JOURNAL ARTICLE

Predicting extubation failure after successful completion of a spontaneous breathing trial

Babak Mokhlesi, Aiman Tulaimat, Ty J Gluckman, Yue Wang, Arthur T Evans, Thomas C Corbridge
Respiratory Care 2007, 52 (12): 1710-7
18028561

OBJECTIVE: To derive a clinical prediction rule that uses bedside clinical variables to predict extubation failure (reintubation within 48 h) after a successful spontaneous breathing trial.

METHODS: This prospective observational cohort study was performed at the Northwestern Memorial Hospital in Chicago, Illinois, which is a large tertiary-care university hospital. Among 673 consecutive patients who received mechanical ventilation during a 15-month period, 122 were ventilated for at least 2 days and did not undergo withdrawal of support or tracheostomy. These patients were followed after extubation to identify those who were reintubated within 48 h (extubation failure).
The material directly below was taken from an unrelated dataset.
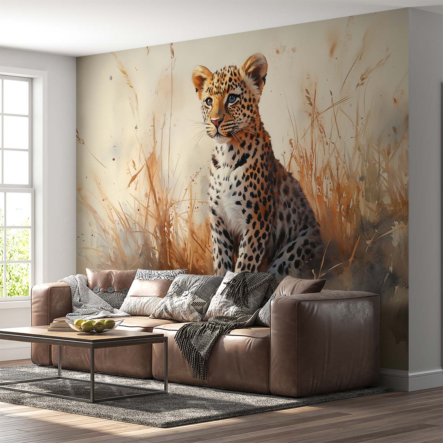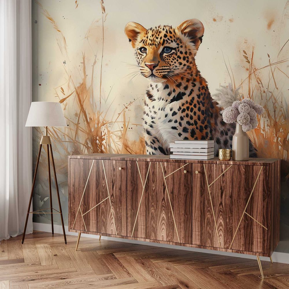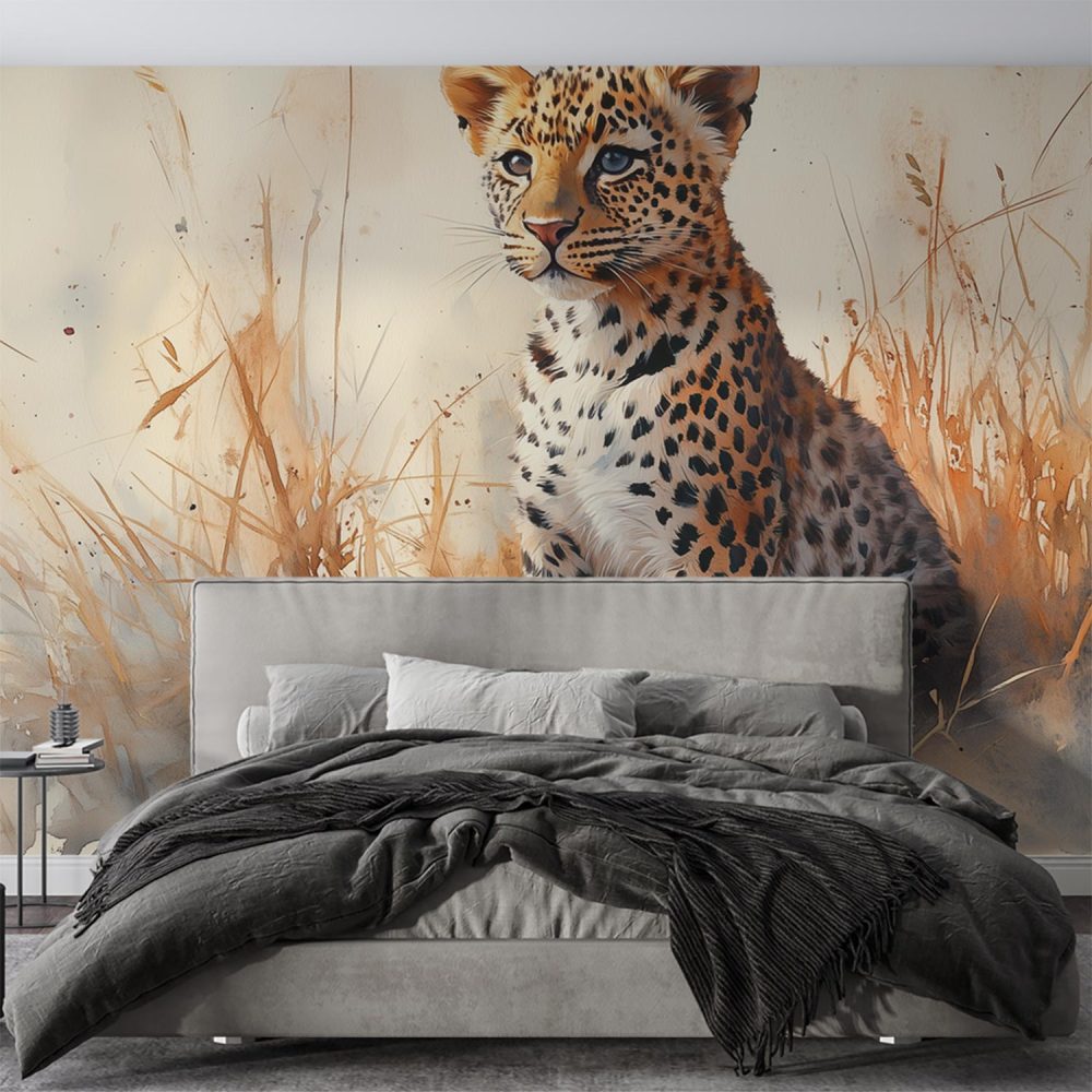 Terug naar collectie / Behang / Jonge luipaard in gras behang

We used logistic regression analysis to identify variables that predict reintubation, and we used bootstrap resampling to internally validate the predictors and adjust for overoptimism.

RESULTS: Sixteen (13%) of the 122 patients required reintubation within 48 h. Three clinical variables predicted reintubation: moderate to copious endotracheal secretions (p = 0.001), Glasgow Coma Scale score < or =10 (p = 0.004), and hypercapnia (P(aCO(2)) > or = 44 mm Hg) during the spontaneous breathing trial (p = 0.001). Using logistic regression and bootstrap resampling to adjust for overfitting, we derived a clinical prediction rule that combined those 3 clinical variables (area under the receiver operating characteristic curve 0.87, 95% confidence interval 0.74-0.94).

CONCLUSIONS: With our clinical prediction rule that incorporates an assessment of mental status, endotracheal secretions, and pre-extubation P(aCO(2)), clinicians can predict who will fail extubation despite a successful spontaneous breathing trial.